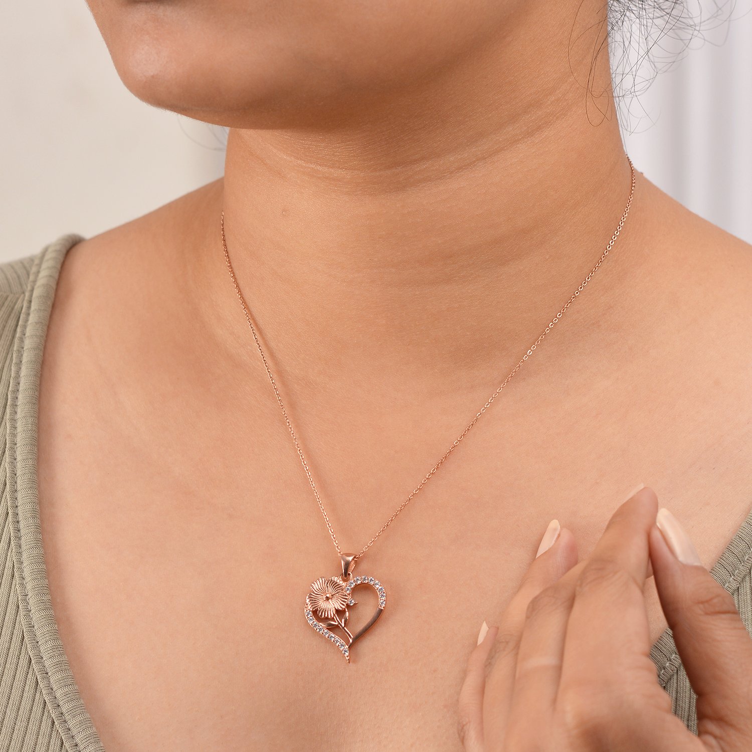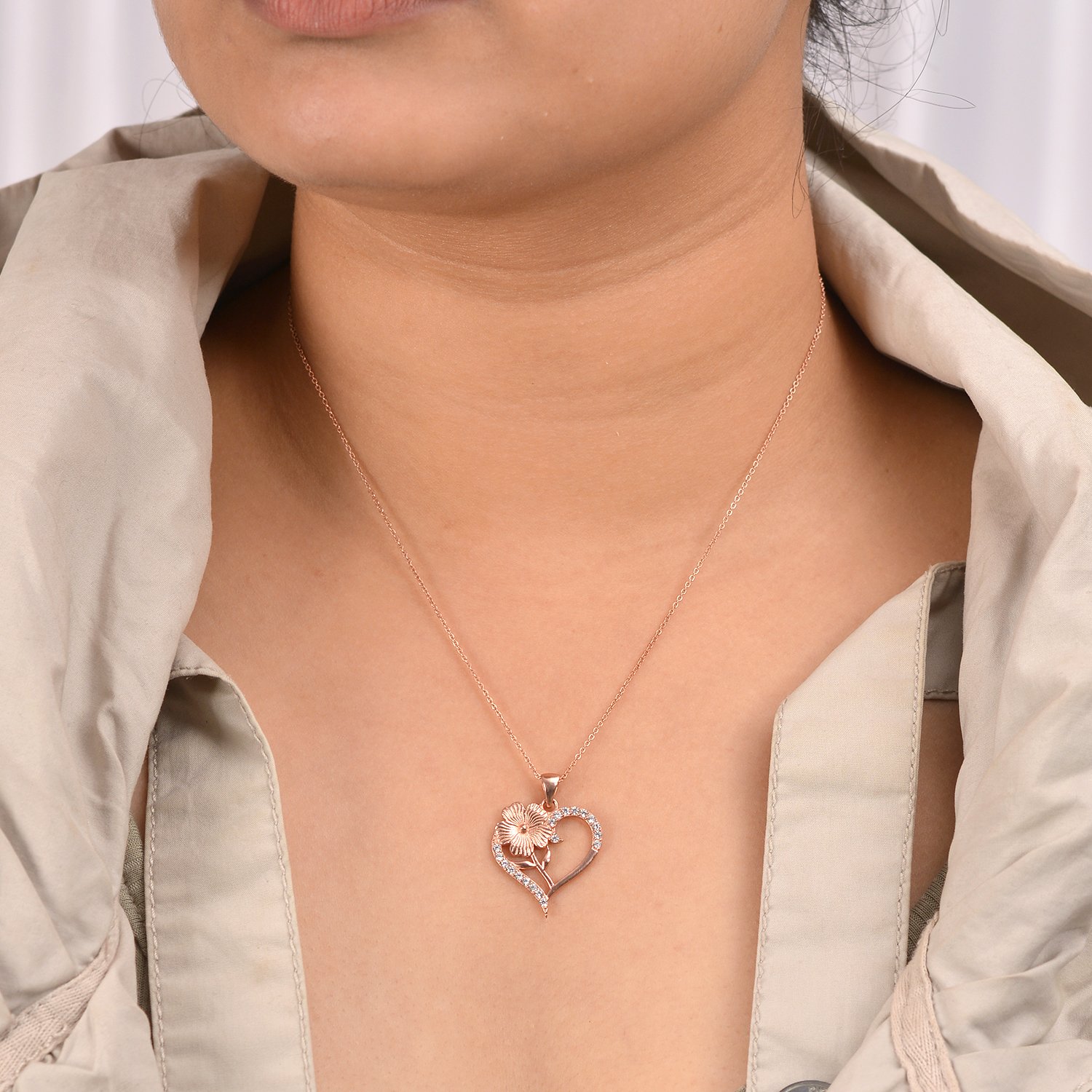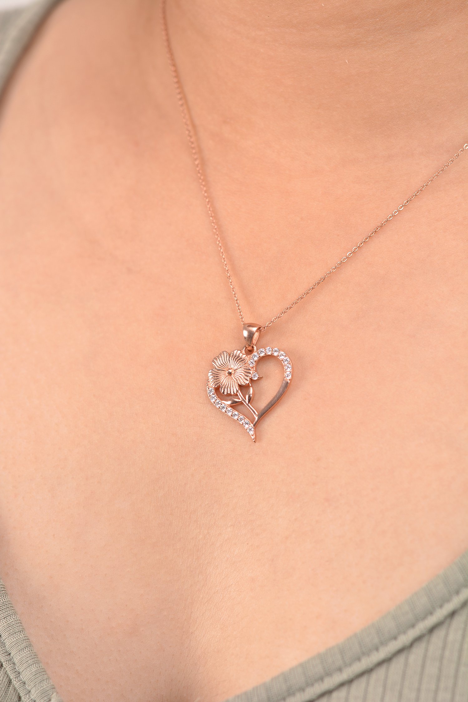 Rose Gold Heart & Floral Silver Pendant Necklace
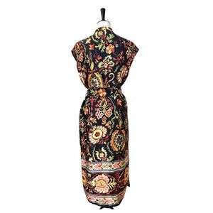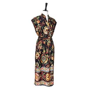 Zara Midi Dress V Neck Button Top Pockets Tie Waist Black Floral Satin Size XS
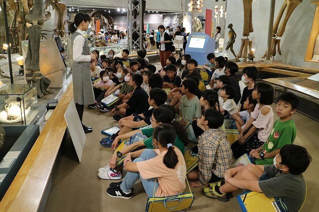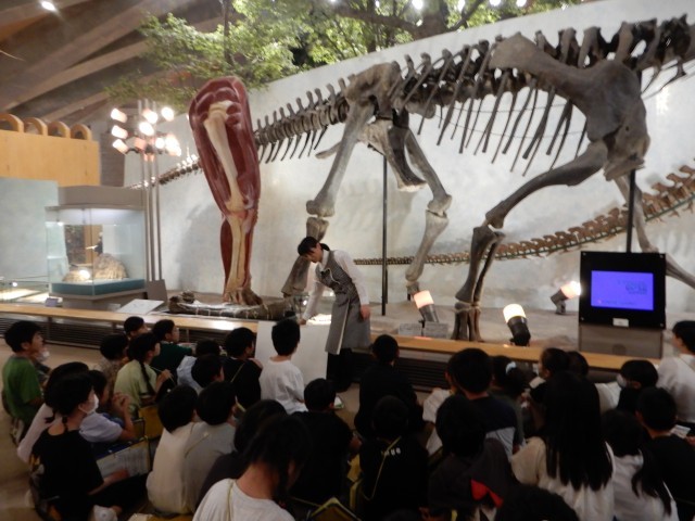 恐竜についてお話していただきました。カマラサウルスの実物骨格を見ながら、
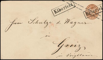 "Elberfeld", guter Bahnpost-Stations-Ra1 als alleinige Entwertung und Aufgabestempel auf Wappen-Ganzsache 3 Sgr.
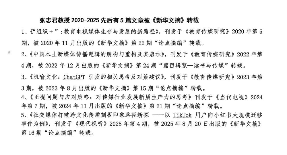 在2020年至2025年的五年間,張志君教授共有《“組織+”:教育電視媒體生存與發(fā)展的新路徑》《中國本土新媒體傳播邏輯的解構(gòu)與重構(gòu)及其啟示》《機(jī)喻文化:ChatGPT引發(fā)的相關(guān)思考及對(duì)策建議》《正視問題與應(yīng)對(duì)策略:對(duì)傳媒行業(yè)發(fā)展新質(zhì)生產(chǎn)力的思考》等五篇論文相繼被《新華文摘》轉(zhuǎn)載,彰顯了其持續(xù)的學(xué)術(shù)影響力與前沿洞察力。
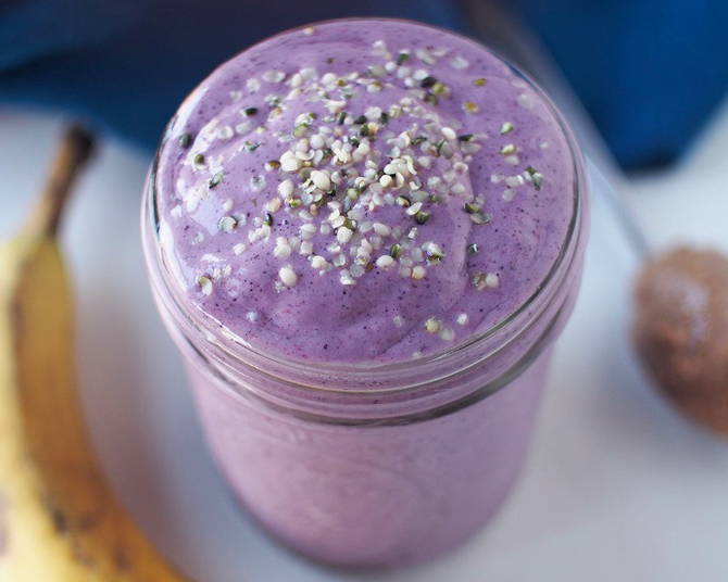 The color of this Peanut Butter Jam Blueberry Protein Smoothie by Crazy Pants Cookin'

● ● ● ● ● ● ●

→ Assigned task: Everything from the top line of the data down to and including the line with "在2020年至2025年的五" is to be copied, except the pictures.

→ Exercise answer:
 Rose Gold Heart & Floral Silver Pendant Necklace
 Zara Midi Dress V Neck Button Top Pockets Tie Waist Black Floral Satin Size XS
 恐竜についてお話していただきました。カマラサウルスの実物骨格を見ながら、
 "Elberfeld", guter Bahnpost-Stations-Ra1 als alleinige Entwertung und Aufgabestempel auf Wappen-Ganzsache 3 Sgr.
 在2020年至2025年的五年間,張志君教授共有《“組織+”:教育電視媒體生存與發(fā)展的新路徑》《中國本土新媒體傳播邏輯的解構(gòu)與重構(gòu)及其啟示》《機(jī)喻文化:ChatGPT引發(fā)的相關(guān)思考及對(duì)策建議》《正視問題與應(yīng)對(duì)策略:對(duì)傳媒行業(yè)發(fā)展新質(zhì)生產(chǎn)力的思考》等五篇論文相繼被《新華文摘》轉(zhuǎn)載,彰顯了其持續(xù)的學(xué)術(shù)影響力與前沿洞察力。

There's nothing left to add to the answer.